Паровоз дымил как очумелый, вместе с угольной сажей залетали в приоткрытые вагонные окна слухи: нет за Уралом советской власти, а вся Сибирь – автономная республика, и есть у ней несметная армия, которую не осилит Совдепия. Город Омск занят этой сибирской армией, во главе которой стоит золотозубый чех Гайда. За Уралом тьмутаракань. Туда ли едем? Одни говорят: едем в Новониколаевск. Где такой? Или дальше? Там треклятые чехи подняли мятеж против большевиков.
Ботику не спалось, кутаясь в шинель, поджимая ноги, обнял он холодную тяжелую винтовку, покачивался тревожно на деревянной полке в дыму махорки, в сыром запахе солдатских серых тел.
На ходу в эшелоне было изнурительно душно, тьма и скученность угнетающе действовали на него, засыпая, он думал: на протяжении многих лет я буду засыпать, думая о тебе…

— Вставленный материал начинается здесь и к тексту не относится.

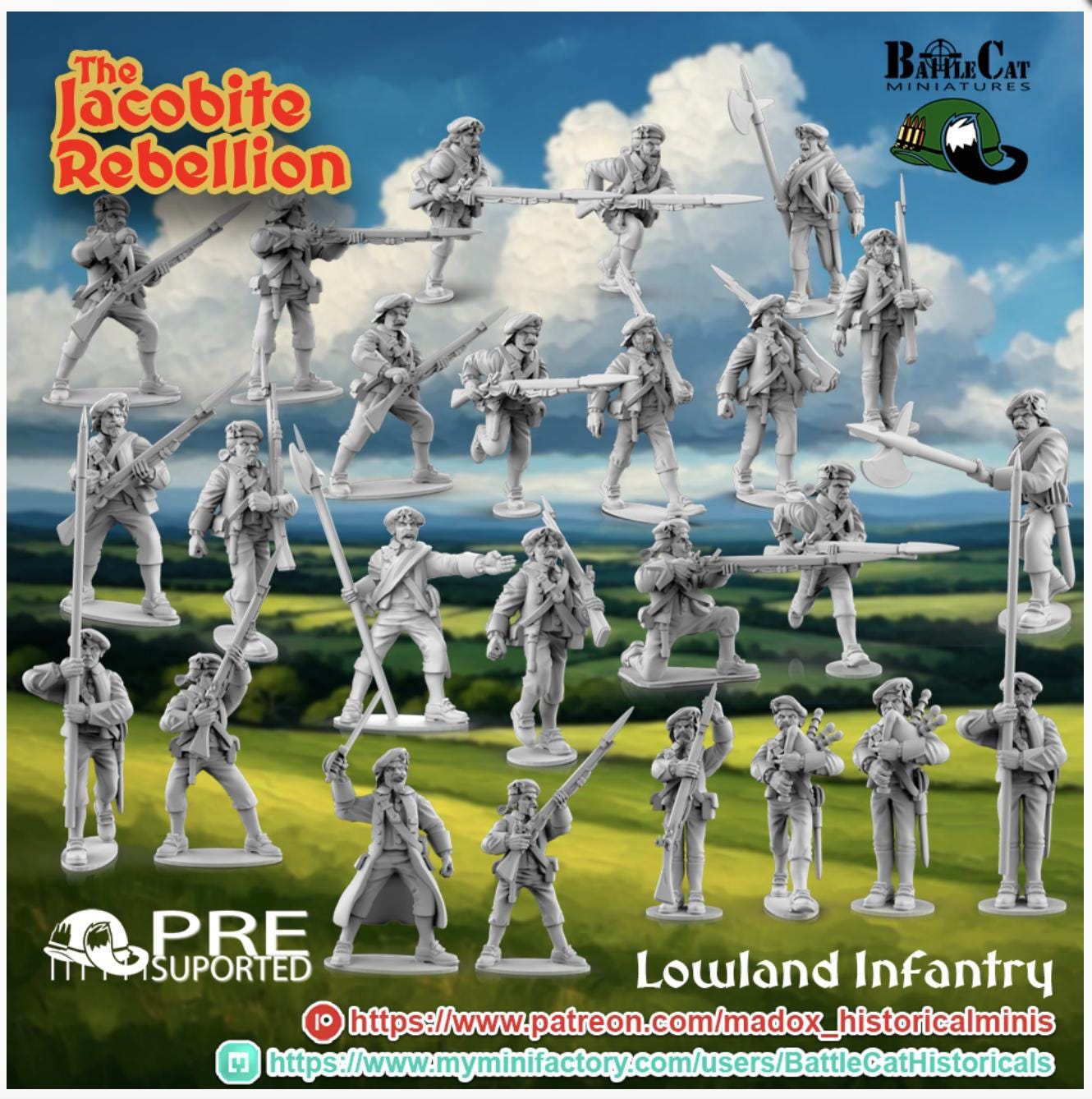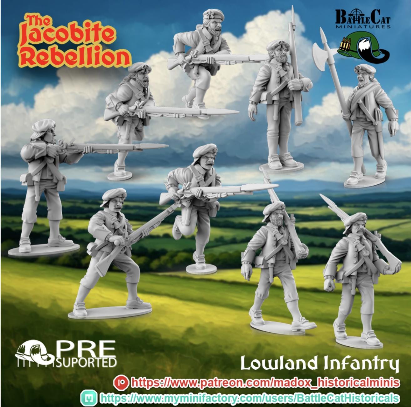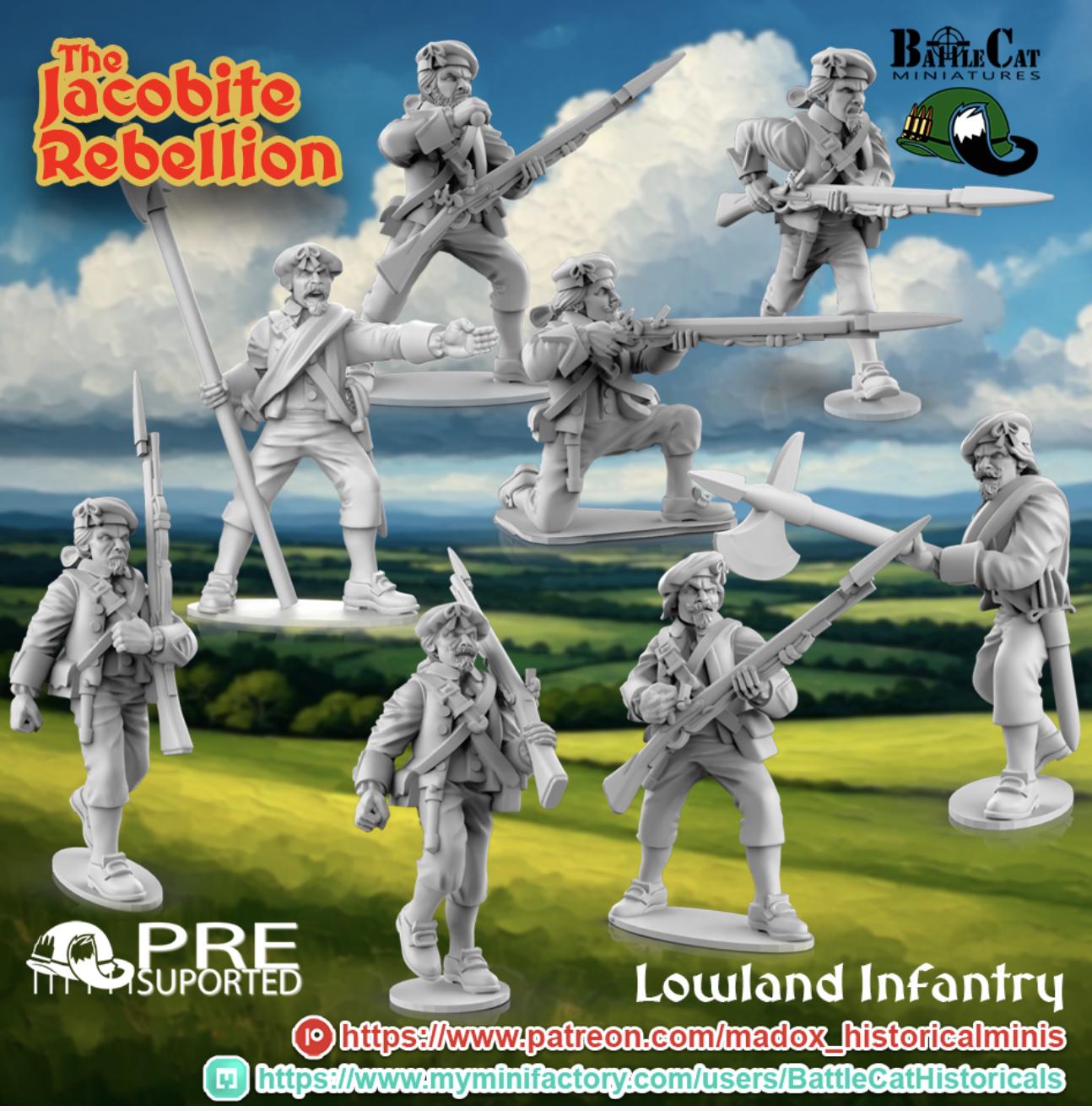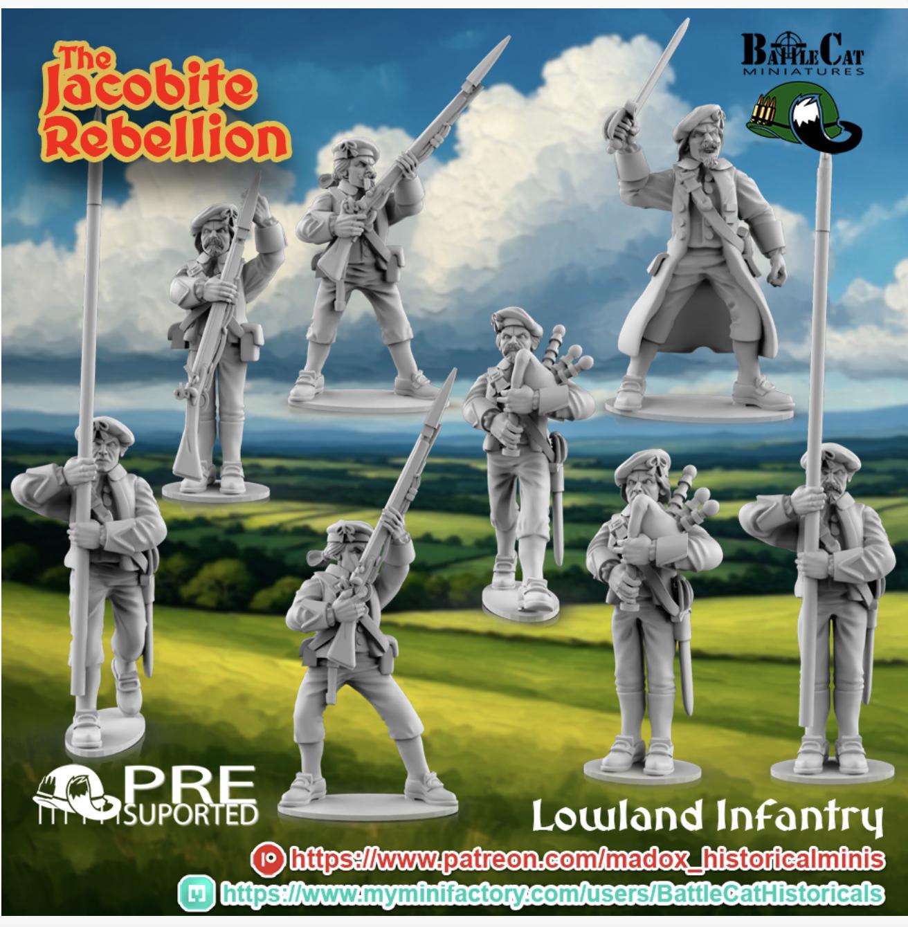 28mm Historical Gaming- Resin Printed Figures- 1745 Jacobite Lowland Infantry (Squad of 16 including command)
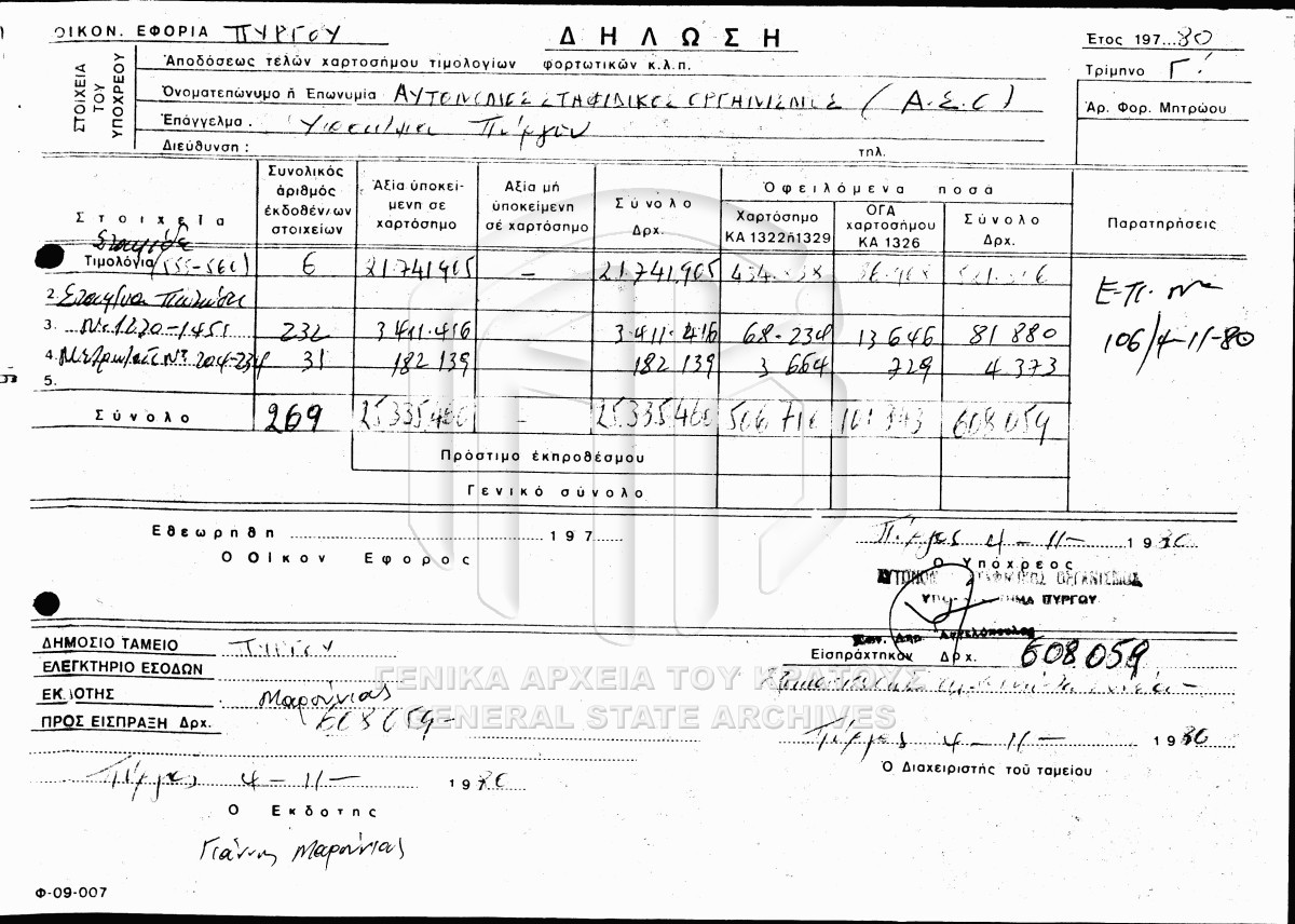 Contents: Χρεωπίστωση υλικού. Υποβολή καταστάσεων. Πρακτικά και αιτήσεις. Υπηρεσιακή αλληλογραφία. Καταστάσεις αγοράς αγροτικών πρ...
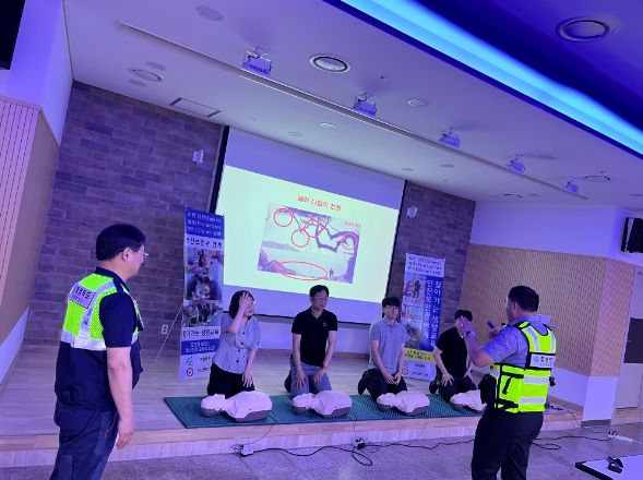 이날 교육은 도 안전보안관 한효동 대표 외 2명이 참여하여 응급상황 발생 시 응급처치 능력을 향상시키기 위해 △심폐소생술(마네킹 활용) △자동심장충격기(AED) 사용법 △하임리히 응급처치법 △화상 시 응급처치법 등 실습 위주의 교육을 실시했다.
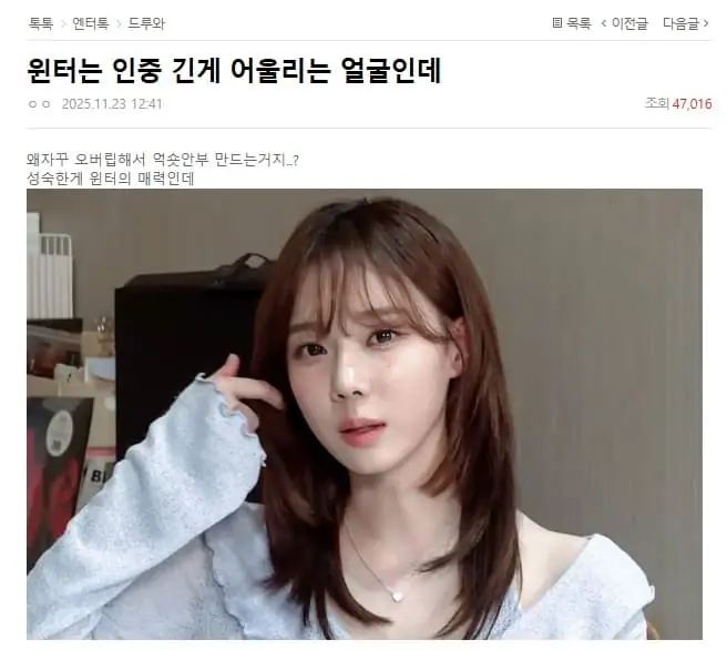 近期在Nate Pann上的一篇貼文累積超過4.7萬次瀏覽,網友們拿著Winter「有畫誇張唇線」與「沒畫唇線」的照片進行比較與討論。
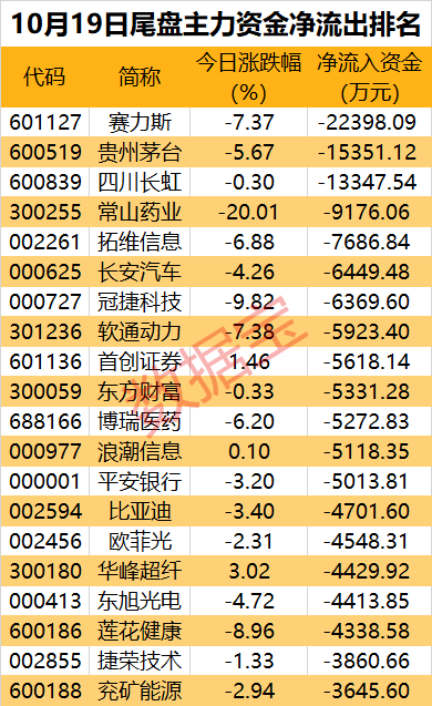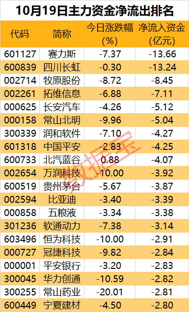 华为产业链两大热门股赛力斯、四川长虹遭到主力出逃超13亿元。拓维信息主力资金净流出超7亿元;常山北明跌停,主力资金净流出5.04亿元;润和软件主力资金净流出4.27亿元。

Солнечная картина возникла перед ним – они с Марусей покупают горячие пирожки на Вокзальной улице: с повидлом, требухой и капустой… Детали расплывались, краски блекли, время останавливало бег, пространство расширялось до бесконечности…
– Все на выход, стройсь!!!
Поверка. Выдача пайка, табака и чая.
Тут же перед строем был зачитан новый приказ за № 377 товарища Троцкого. Реввоенсоветы от Пензы до Омска обязывались немедленно разоружить чехословаков, растянувшихся в эшелонах от Волги до самого Дальнего Востока. На основании этого приказа всякий вооруженный чехословак, выявленный на железной дороге, если не сдаст оружие, должен быть расстрелян на месте. Вагоны, в которых мог оказаться хотя бы один вооруженный чехословак, подлежали расформированию, а личный состав подразделений корпуса следовало интернировать в лагерь для военнопленных.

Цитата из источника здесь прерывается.